Om gudsbildens gåtor. Rapport från ett forskarliv
Abstract
Tryggve Mettinger, professor of OT studies at Lund University 1978-2003, sketches his development. In the first part he deals with his work on the notions God in the Hebrew Bible, notably his investigations of the divine names, of the exilic theology of divine presence (the theologies of Shem and Kabod, the Name and the Glory), of anicon- ism in the ancien Near East, and of dying and rising deities. Over time he has been more inclined to see a degree of cultural continuity between Canaan and Israel.
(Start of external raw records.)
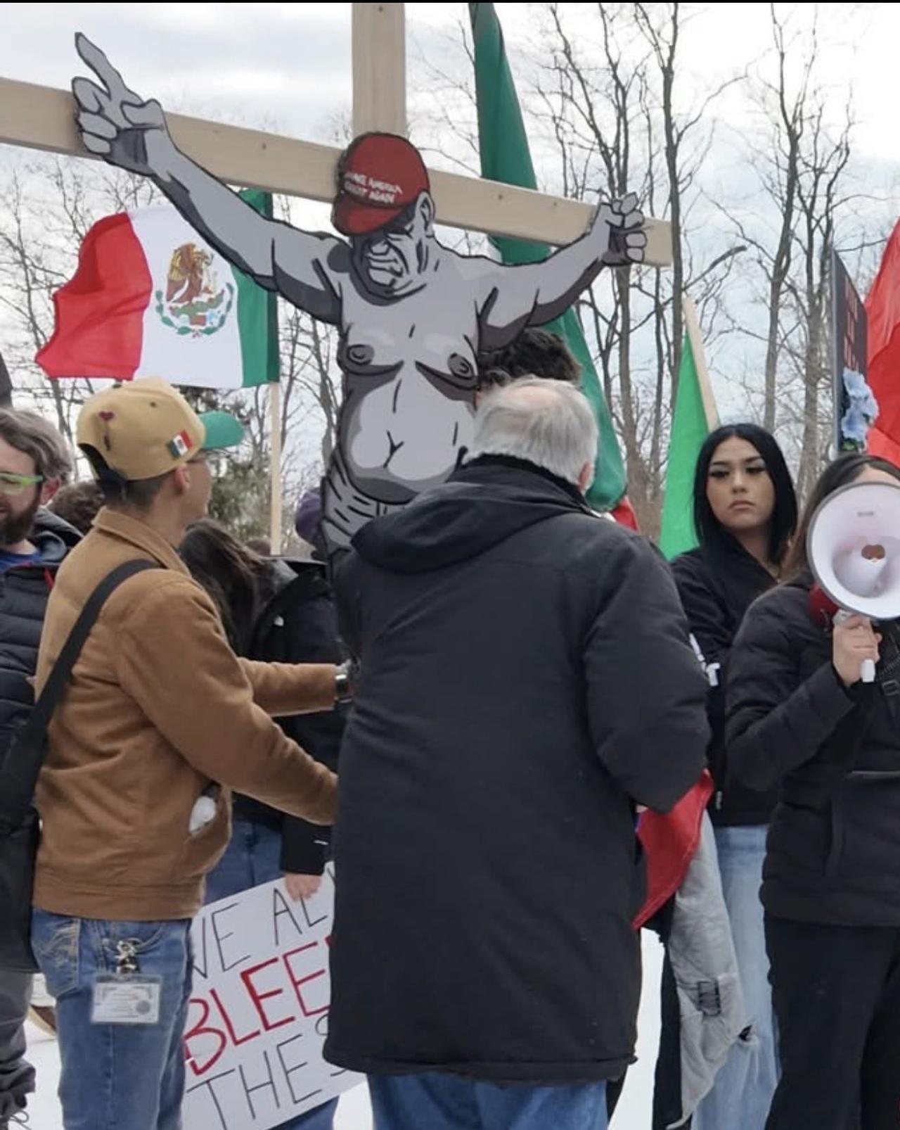 特朗普有点危险了:有人要把他钉在十字架上!2月6日,美国伊利诺伊州的沃基根高中举行了一场“反移民及海关执法局”抗议活动,现场展示了被钉在十字架上的唐纳德·特朗普画像。此前特朗普在自己的社交平台上海贴了一段结尾影射前总统奥巴马是猩猩的视频,在全美国引发轩然大波和强烈抗议。但是特朗普仍然死硬不悔改,虽然删了视频但不承认错误。特朗普再这么走下去,真的是要成为孤家寡人了……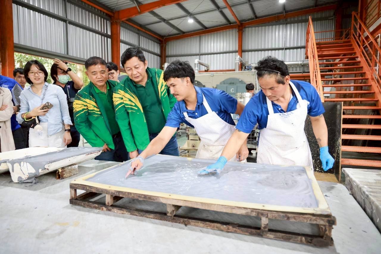 นายไพศาล หงษ์ทอง รองผู้จัดการ ธนาคารเพื่อการเกษตรและสหกรณ์การเกษตร (ธ.ก.ส.) ลงพื้นที่เยี่ยมชมการดำเนินงาน บริษัท สไมล์ รับเบอร์ จำกัด เกษตรกรลูกค้า ธ.ก.ส. หัวขบวน จังหวัดระยอง ภายใต้ “โครงการยกระดับสินค้าเกษตรสู่สินค้า Glam Agro” ซึ่งเริ่มต้นจากการรวมตัวกันของเกษตรกรผู้ปลูกยางพาราที่เล็งเห็นถึงปัญหาราคายางพาราผันผวนและกระทบต่อรายได้ทำให้หันมาจัดตั้งกลุ่มวิสาหกิจชุมชนบ้านเนินสว่างเพื่อรับซื้อผลผลิตยางพาราธรรมชาติจากเกษตรกรในพื้นที่มาแปรรูปเป็นผลิตภัณฑ์ต่างๆภายใต้แบรนด์Kaika (ไก่กา)อาทิหมอนยางพาราที่นอนและเบาะนั่งสมาธิที่มีจุดเด่นด้านความปลอดภัยต่อสุขภาพรองรับสรีระตามหลักการยศาสตร์ปราศจากสารเคมีที่ก่อให้เกิดภูมิแพ้และเป็นมิตรต่อสิ่งแวดล้อมจนกลายเป็นสินค้าที่ได้รับการยอมรับในตลาด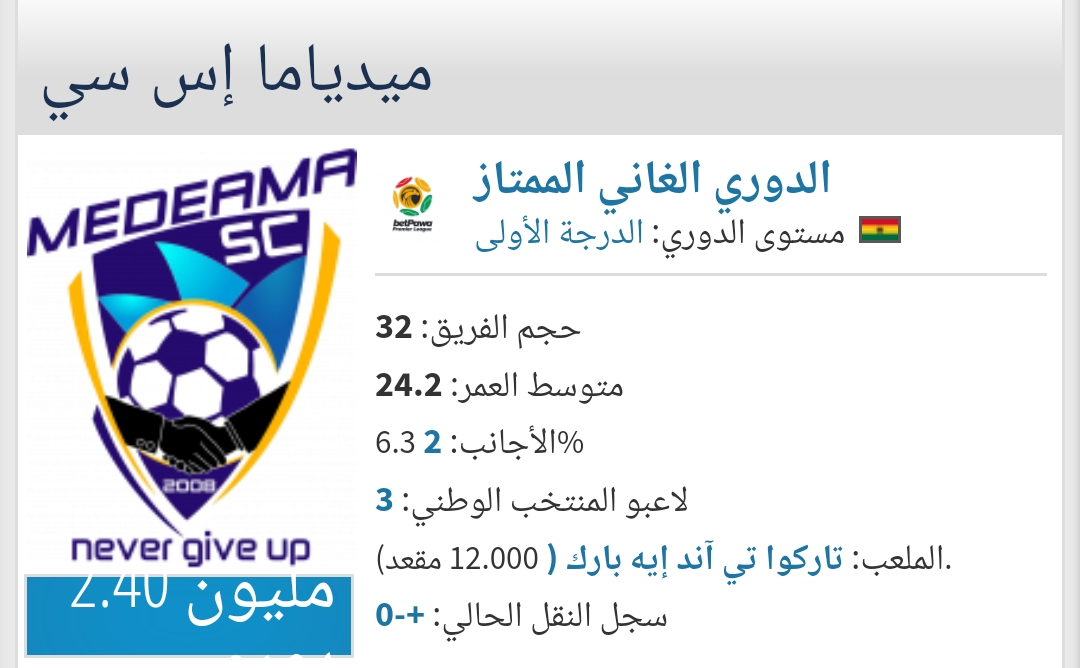 وفي التقرير التالي نعرض لكم معلومات هامة عن فريق ميدياما الغاني:

The second part presents Mettinger’s theoretical tenets, especially his epistemological stance. Kant’s distinction between the world of empirical phenomena and the transcendent world is found still valid. God himself is not a topic for the scholar of religion. Human belief in God, however, manifests itself in texts, rites, and iconography, and these are empirical data. Karl Popper is embraced for his stress on falsifiability as a basic criterion for sound scholarship and also for his view of the research process as a series of «conjectures and refutations». Mettinger also places himself in the tradition of the sociology of knowledge, stressing the social basis of the production of metaphor, even of metaphors of the divine. He also points out his reluctancy towards some of the tenets of postmodernism.
The third part deals with his youth, studies, and research up to 1978 when he took over the chair at Lund University. He sketches his valuable experience of growing up in a home where Pentecostal faith was conducive to a strong interest in the Bible and its world. In highschool, his teacher of religion and philosophy was Ernst Percy, an outstanding New Testament scholar who was out-manouvred in competitions for university chairs a number of times. Mettinger also comments on the reception of his unorthodox study of the so called Servant Songs.